BEGIN

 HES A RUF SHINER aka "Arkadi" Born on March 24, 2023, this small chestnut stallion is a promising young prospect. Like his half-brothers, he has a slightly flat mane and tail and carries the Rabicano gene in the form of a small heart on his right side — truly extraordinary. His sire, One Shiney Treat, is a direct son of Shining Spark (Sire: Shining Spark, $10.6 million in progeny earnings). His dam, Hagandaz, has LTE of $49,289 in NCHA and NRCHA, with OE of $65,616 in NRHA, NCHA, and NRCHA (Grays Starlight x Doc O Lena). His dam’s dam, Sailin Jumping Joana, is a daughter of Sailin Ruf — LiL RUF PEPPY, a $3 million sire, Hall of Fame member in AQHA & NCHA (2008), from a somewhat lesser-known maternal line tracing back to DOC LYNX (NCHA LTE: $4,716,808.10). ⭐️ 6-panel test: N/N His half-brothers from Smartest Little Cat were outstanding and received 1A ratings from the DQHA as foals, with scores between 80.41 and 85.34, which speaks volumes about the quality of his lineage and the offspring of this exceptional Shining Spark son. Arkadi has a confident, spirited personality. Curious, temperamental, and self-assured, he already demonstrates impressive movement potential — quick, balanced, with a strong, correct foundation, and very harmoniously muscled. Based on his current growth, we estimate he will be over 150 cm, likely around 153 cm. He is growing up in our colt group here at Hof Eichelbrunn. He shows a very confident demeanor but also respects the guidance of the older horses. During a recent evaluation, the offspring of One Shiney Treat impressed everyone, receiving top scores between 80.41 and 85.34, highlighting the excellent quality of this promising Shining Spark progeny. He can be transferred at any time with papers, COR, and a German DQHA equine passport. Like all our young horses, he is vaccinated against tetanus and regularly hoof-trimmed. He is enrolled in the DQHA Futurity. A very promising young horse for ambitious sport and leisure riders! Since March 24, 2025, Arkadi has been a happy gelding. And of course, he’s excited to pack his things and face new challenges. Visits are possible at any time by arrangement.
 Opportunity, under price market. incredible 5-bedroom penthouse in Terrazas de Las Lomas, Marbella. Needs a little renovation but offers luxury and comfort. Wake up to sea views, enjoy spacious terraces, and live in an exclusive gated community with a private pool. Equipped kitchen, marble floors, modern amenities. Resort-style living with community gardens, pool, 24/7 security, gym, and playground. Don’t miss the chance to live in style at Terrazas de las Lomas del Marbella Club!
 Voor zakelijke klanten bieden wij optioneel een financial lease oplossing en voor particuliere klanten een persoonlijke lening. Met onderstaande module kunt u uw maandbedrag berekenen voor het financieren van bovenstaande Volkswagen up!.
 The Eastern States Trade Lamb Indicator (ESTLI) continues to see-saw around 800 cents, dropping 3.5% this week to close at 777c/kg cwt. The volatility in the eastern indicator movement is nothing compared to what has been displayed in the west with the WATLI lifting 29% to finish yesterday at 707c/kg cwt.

END
BEGIN

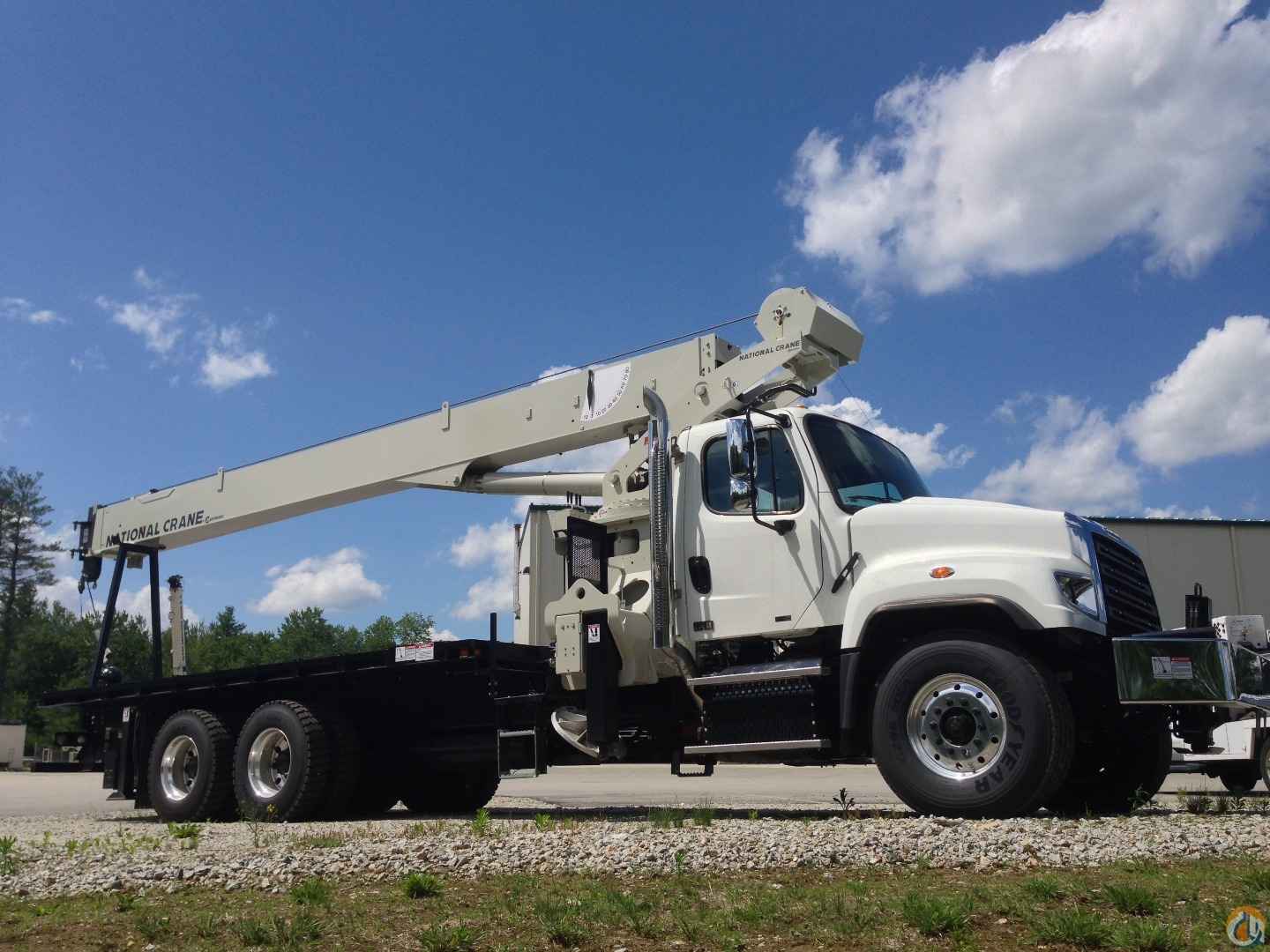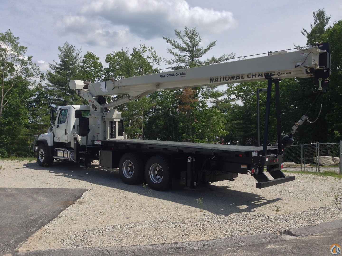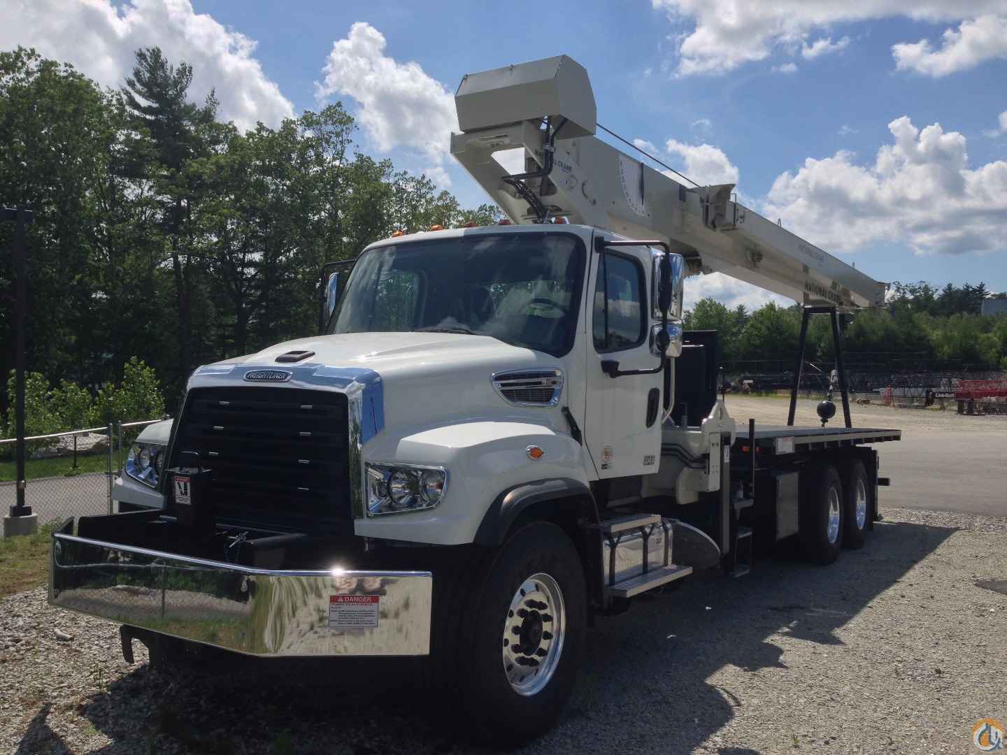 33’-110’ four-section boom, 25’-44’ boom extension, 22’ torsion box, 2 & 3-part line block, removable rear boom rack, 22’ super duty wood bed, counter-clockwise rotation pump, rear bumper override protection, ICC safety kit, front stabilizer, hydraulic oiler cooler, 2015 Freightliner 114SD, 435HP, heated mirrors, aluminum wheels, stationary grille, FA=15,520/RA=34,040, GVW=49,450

END

» How to complete this task
Among the lines above, find the one with "Voor zakelijke klanten" and the one with "The Eastern States". Quote both and everything between them, exactly.

» Response for this exercise
 Voor zakelijke klanten bieden wij optioneel een financial lease oplossing en voor particuliere klanten een persoonlijke lening. Met onderstaande module kunt u uw maandbedrag berekenen voor het financieren van bovenstaande Volkswagen up!.
 The Eastern States Trade Lamb Indicator (ESTLI) continues to see-saw around 800 cents, dropping 3.5% this week to close at 777c/kg cwt. The volatility in the eastern indicator movement is nothing compared to what has been displayed in the west with the WATLI lifting 29% to finish yesterday at 707c/kg cwt.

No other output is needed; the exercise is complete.